The DMK leaders hastened to disavow what their followers had done. On the very day of picketing, the Secretary of the DMK in Madras personally apologized to the Commissioner of Police, and DMK newspapers later did their best to disown the rowdy incidents. But it is not that easy to gloss over what actually happened, because the concentration of violence on North Indian institutions clearly showed that either the rowdies had adopted the DMK ideology or the DMK ideologists had become rowdies.

Equally bankrupt was the conduct of the DMK members of the Assembly who were not arrested. Thirtysix out of the fifty MLAs were outside prison, but they neither went to the Assembly nor campaigned among the people against high prices. They just kept quiet. The only conclusion to be drawn from this strange conduct is that they were afraid that if they went to the Assembly they might not be in a position to answer the criticism levelled against them, and that if they went to the people they would get something other than cheering because of the violence and rowdyism let loose in their “struggle”.

Reasons for Success

Despite all this, however, the result of the Tiruchengode by-election demonstrates beyond doubt that they have been able to develop their separatist movement. This traditional Congress seat was won by them by rallying around themselves all the reactionary elements, particularly the Swatantra Party and the Muslim League. In contrast, the Congress put up an unpopular candidate who could not even rally the support of all Congressmen. The Communist Party adopted an attitude of neutrality. All these factors undoubtedly facilitated the victory of the DMK candidate and greatly enhanced the morale of the organisation which had been weakened after its price struggle fiasco.

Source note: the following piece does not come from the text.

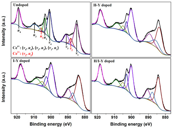 In order to understand the effect of Y-doping on Ce ions in CeO2 crystals, the Ce 3d XPS regions of the Undoped CeO2 and H-Y-, I-Y-, and H/I-Y-doped CeO2 were recorded and fitted, as shown in Figure 4. The Ce 3d core-level XPS of all CeO2 samples could be fitted into eight peaks, referring to the 3d5/2 and 3d3/2 spin-orbit doublet of Ce cations (including Ce3+ and Ce4+ ions). The bonds labeled as v2 and u2 belong to the spin-doublet term of the Ce3+ state, and the bands labeled as v4, v3, and v1 (and those for u) are due to the case of the Ce4+ state [34]. A quantitative analysis of the concentration of Ce3+ ions based on the measured Ce 3d XPS spectra, labeled as [Ce3+]XPS, could be performed using Equation (1), and the results are summarized in Table 1. The [Ce3+]XPS values of the H-Y-, I-Y-, and H/I-Y-doped CeO2 were 12.60%, 8.95%, and 11.37%, respectively. These were higher than that of the Undoped CeO2 (6.54%), indicating that pure CeO2 crystal itself contains a certain number of Ce3+ ions and that Y-doping could promote the formation of Ce3+ species, especially H-Y-doped CeO2, which exhibited the highest [Ce3+]XPS values. The Ce3+ species in pure CeO2 contributed to the OSC of CeO2 through the oxidation/reduction cycle composed of Ce3+ and Ce4+ states (Ce3+↔Ce4+).

Only the totally complacent or utterly stupid can fail to see the menace to Indian democracy and unity which the DMK represents. Its true reactionary character was tellingly brought out by what happened on February 22 this year, the last day of Annadurai’s electioneering at Kancheepuram. On that day, at the final rally before the poll, Annadurai stood on the dais flanked by Rajaji, leader of modern Indian reaction, and Sir A. Ramaswami Mudaliar, whose record as a loyal servant of British Raj must not be completely forgotten. Thus the two streams, modern Indian reaction and traditional pro-Imperialism, united on a single platform, that of Annadurai’s DMK, to carry forward and develop internal and external reaction’s conspiracy to block India’s march to Socialism and disrupt democracy.
The DMK contamination is felt in all spheres, of activity, literary and cultural, political, social and educational. We can ignore this chauvinistic, anti-national, anti-socialist menace only at our peril.

Unity of all democratic and honest people to fight against this danger threatening our people is urgent and vital if imperialism’s forty six-year-old conspiracy is to be defeated. And surely the hearts and minds of our people, steeped as they are in their love for their country and their desire to see it advance proudly along the road of independence and progress, are sound and firm to afford the guarantee that such a unity will triumph.